EL SEGUNDO, Calif. (AP) - Nate Johnson, an undrafted free agent from Nebraska, signed with the Los Angeles Lakers on Tuesday.

The 6-foot-2 guard averaged a team-leading 13 points and 4.6 rebounds as a senior at Nebraska last season. He played for the Lakers' summer league team, averaging 9.5 points, 2.2 rebounds, 2.2 assists and 1.33 steals in six games. 

http://sports.iwon.com/news/08242004/v1041.html


----------



## Damian Necronamous (Jun 10, 2002)

Yeah, Nate Johnson was a PG. I remember seeing him play.


----------



## Cris (Jun 18, 2003)

i thought thats were i heard the name from but then i looked at the summer league roster and his name wasnt there


----------



## Damian Necronamous (Jun 10, 2002)

> Originally posted by <b>Cris</b>!
> i thought thats were i heard the name from but then i looked at the summer league roster and his name wasnt there


Yeah, and Nate Williams was the big forward that often played alongside Douthit.


----------



## Locke (Jun 16, 2003)

Whew, good thing he's a guard, although this doesn't solve our lack of a starting-quality point guard problem. Anyways, no matter what, no more SFs!


----------



## Laker Freak (Jul 1, 2003)

So it must be the time of year where srubs like Eric Chenawith make Slava look like Dirk Nowitzki.


----------



## Cris (Jun 18, 2003)

Just For Training Camp Then Its 










Time


----------



## Sean (Jun 7, 2002)

*Former Husker hoping to catch on with Lakers*

Former Husker hoping to catch on with Lakers

By Jon Crowl / Daily Nebraskan
August 25, 2004

After finishing up his senior season and going undrafted in the NBA draft, common logic said former Nebraska guard Nate Johnson’s playing days were over.

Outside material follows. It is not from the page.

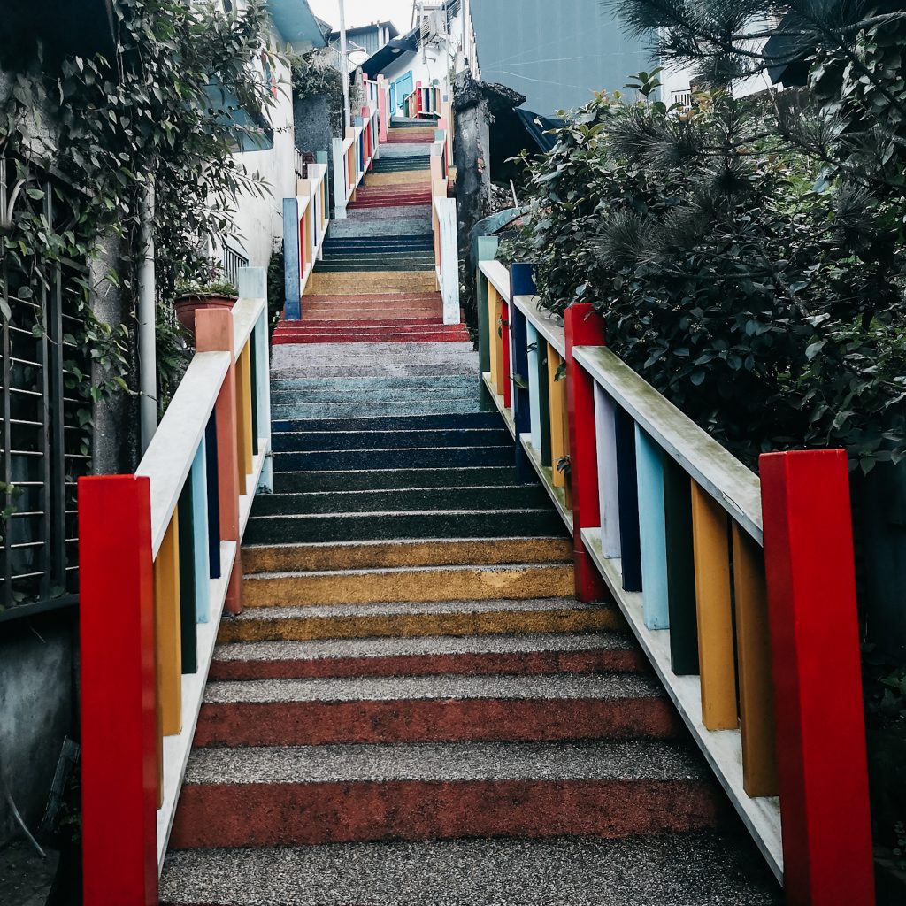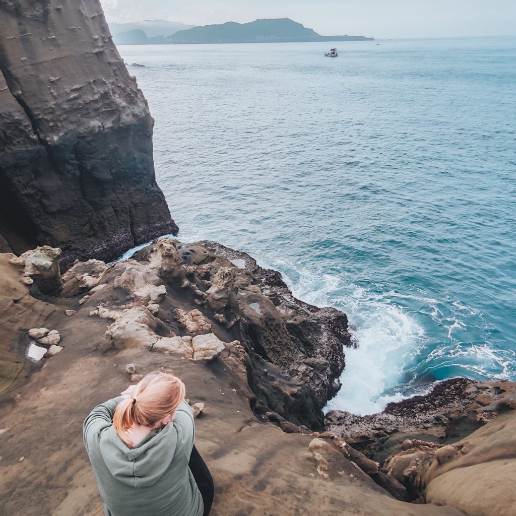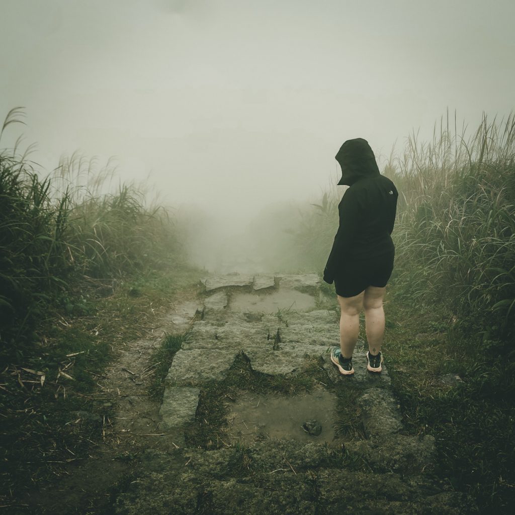 Wir wussten es ja bereits, aber wir können nochmal bestätigen: Die Wettervorhersage hält, was sie verspricht. Schon am frühen Morgen, als wir uns wieder auf den Weg zum Bus machen, ist es grau und regnerisch. Das wird sich heute auch nicht mehr ändern. Wir starten heute mit einer sehr kurzen Wanderung auf einen kleinen Berg direkt oberhalb von Jiufen. Es geht wieder Stufe für Stufe bergauf. Heute allerdings ohne eine traumhafte Aussicht auf die umliegenden Berge und das Meer. Alles, was wir sehen, ist Nebel, die nächsten Stufen vor uns und ein bisschen grünes Gewächs am Rand.

Johnson, on the other hand, thought differently.

“After the season, I just kept going to school,” the 6-foot-1 guard said. “I had to get through school before I did anything.”

After wrapping up his classes, Johnson got on the market and several teams found him appealing. Although the Sacramento Kings, annually one of the top NBA teams, expressed interest in bringing him to their training camp, Johnson has decided to join the Los Angeles Lakers in training camp next month.

“It felt like a better fit with the Lakers,” Johnson said. “They’re going through changes, and there’s so much more tradition.”

As a child, Johnson grew up idolizing several Lakers.

“I always watched Magic Johnson and Byron Scott play,” Johnson said. “Watching them made me want to make it to the NBA someday. It’s always been a dream of mine.”

As a senior at Nebraska, Johnson averaged 13 points per game while making the All-Big 12 third team. Prior to coming to Nebraska as a junior, Johnson was a NJCAA All-American as a sophomore at Penn Valley Community College in Kansas City, where he averaged 26.5 points per game.

Johnson will be headed to Los Angeles at the end of September, and will know by late October if he earns a spot on the roster.

Until then, his only concern will be playing at the highest level possible.

“I know that I just have to go in and play well,” Johnson said. “As long as I do my best, that’s all I can ask for … I just want to live my dream.”

http://www.dailynebraskan.com/vnews/display.v/ART/2004/08/25/412bfc8343e62


----------